Dr Kota Neelima is an Indian author, researcher, political commentator, artist and politician. Her writing, art, and academic work include a focus on the themes of rural distress, gender, farmer suicides, and the peripheries of democratic societies. She lives in Hyderabad, Telangana.

Early life and education
Neelima was born to the journalist and author, Late Shri K.V.S. Rama Sarma, and Uma Sarma in Andhra Pradesh. She obtained a Ph.D in Political Science from University of Delhi, and a Master of Arts in International Relations from the Jawaharlal Nehru University, Delhi.
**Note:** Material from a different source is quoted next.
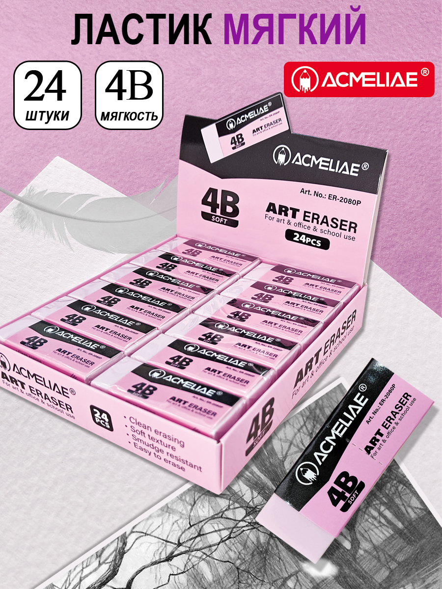 Ластик художественный мягкий 4В Acmeliae 21x56x12мм светло-розовы

Neelima has also been a Senior Research Fellow, South Asia Studies at the Paul H. Nitze School of Advanced International Studies (SAIS), Johns Hopkins University, Washington DC. She also studied at the Academy of Fine Arts and Literature led by Arpana Caur.

Research and writing
Neelima has written books on the poor and women in India in both genres of fiction and non-fiction. Her novels Riverstones and Moneylender are based on rural farmers in India, and her novel Shoes of the Dead includes a focus on farmer suicides. In 2016, filmmaker Vetrimaaran optioned Shoes of The Dead to be adapted into a film. Her novel The Honest Season is a political thriller with a female journalist as the lead character.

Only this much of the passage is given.